The world went weird and she had to stop and breath hard, refocusing on what she was doing.

The basic movement art was designed to enhance her reactions, make her footwork hard to read and if you really pushed it give you a burst of speed that made it look like you were moving with a distracting flicker.

Now her qi was twisting the distance between the steps in a bizarre way that made her faintly nauseous as she tried to parse the world around her in slightly discontinuous moments. Sana watched her for a while, then went off to keep looking for stuff she guessed. It was pretty boring, what she was doing in any case.

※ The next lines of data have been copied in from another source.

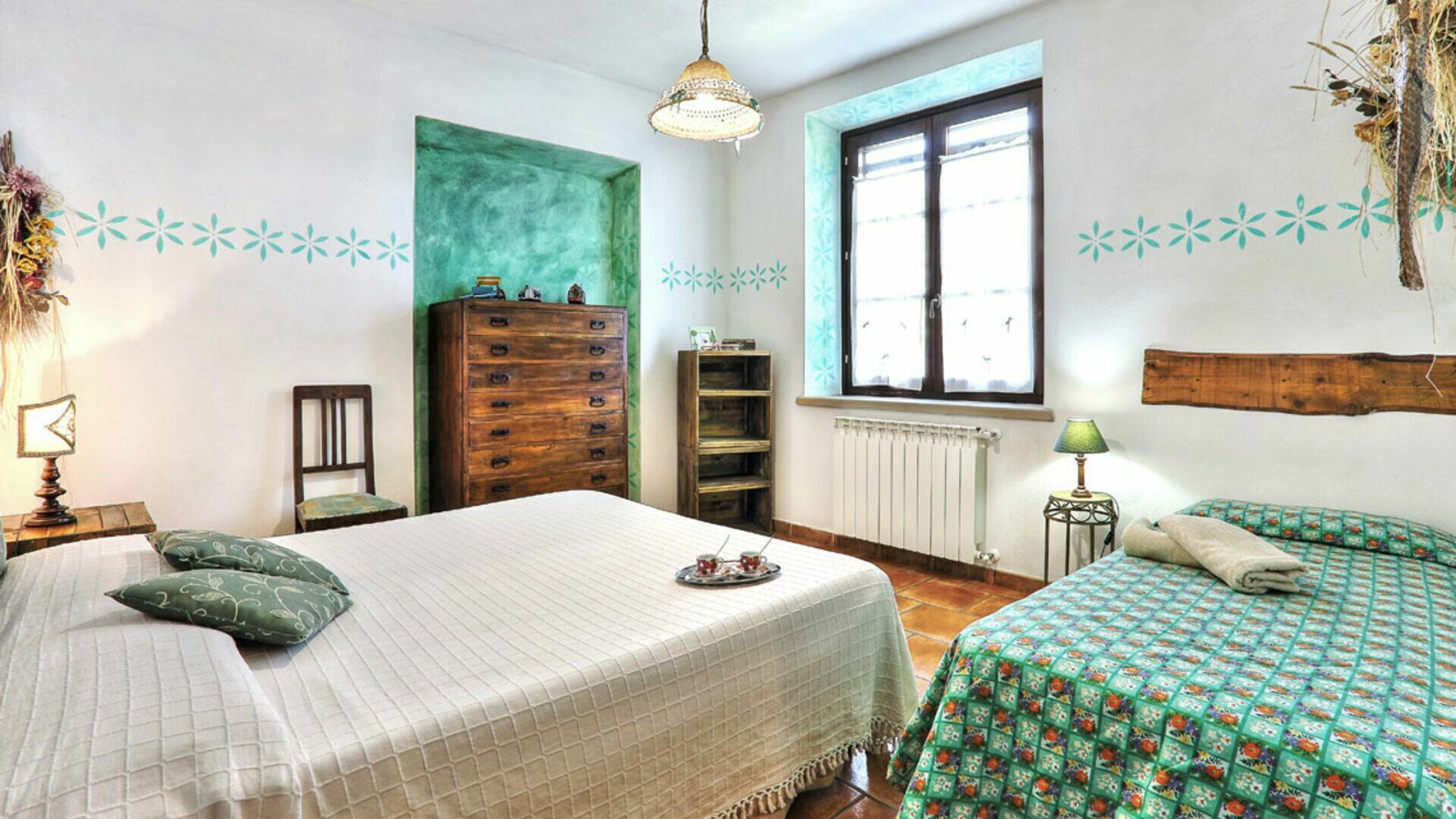 Bedroom 1: two single beds, french bed.
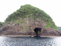 淀の洞門高さ15m、奥行き30~40mの洞門。海食洞(かいしょくどう)と呼ばれ、波が岩山を少しずつ砕き続けた結果、地質の弱い部分が崩れてできた穴です。但馬海岸一帯でよく見られ、この”淀の洞門”もその1つ。
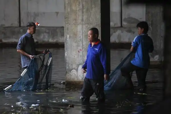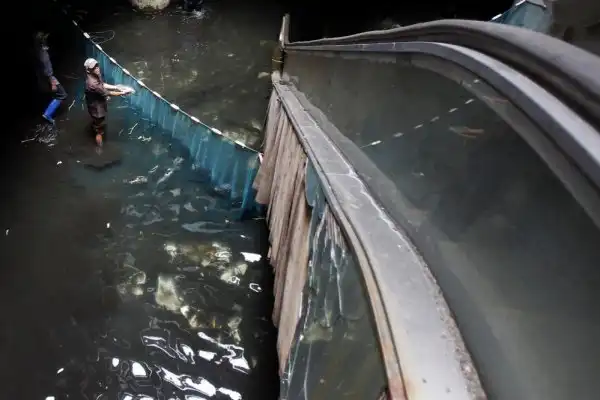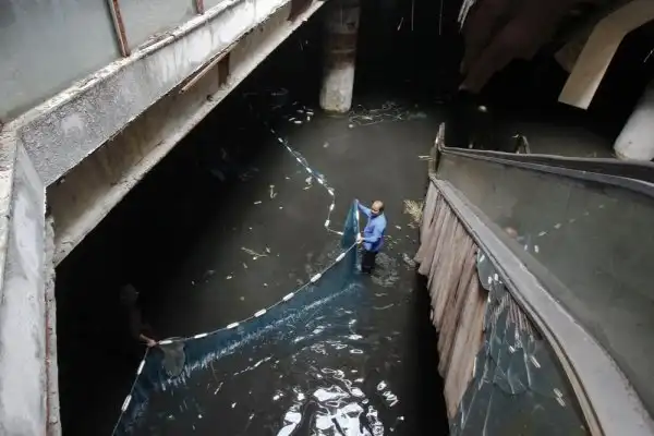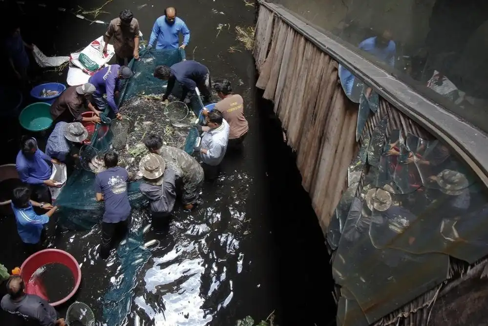 Универмаг в Бангкоке, Таиланд был закрыт в 1997 году, на его цокольном этаже собралась дождевая вода. Тысячи рыб, таких как сом, карп, а также черная и красная тиляпия, были выпущены в воду универмага, что бы контролировать численность комаров. Недавно было принято решение выловить всю рыбу и выкачать воду. Эти кадры были сделаны 13 января 2015 года.
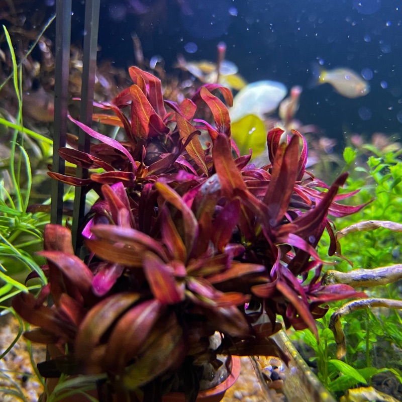 La Rotala ramosior ‘Sunset’ es una planta de tallo altamente decorativa, famosa por sus tonalidades rosadas, anaranjadas y rojizas en las puntas cuando se cultiva en condiciones adecuadas. Aporta luz, profundidad y un efecto “sunset” muy llamativo en acuarios plantados bien balanceados.

In the end, it took her almost two hours of just walking around with Flickering Steps to get used to the sense of the Intent interacting with it: turning, sitting down, standing up, doing rolls, then flips, jumps and so on. It wasn’t quite as if she was having to relearn how to use the art, but it was pretty close. The main thing, though, was that her speed had gone up by almost tenfold for only a marginal loss in qi-efficiency and consumption. She could cover the distance from one end of the hall to the other in ten strides if she really tried. Directionality was a problem, but that would come with experience she was sure. She could, in any case, turn almost on the spot and go in any direction from any given point.

Smiling happily, she made her way back to another building and sat back down. The qi density was still ramping up in any case, and there was no sign of anyone making any effort to get back in here. Given how fast the presumed Dao Seeking rat had fled, nothing else in the vicinity was likely to want to try their chances. With that in mind, she felt, it was downright negligent not to make use of this environment to see how far they could push on before circumstances conspired against them once more.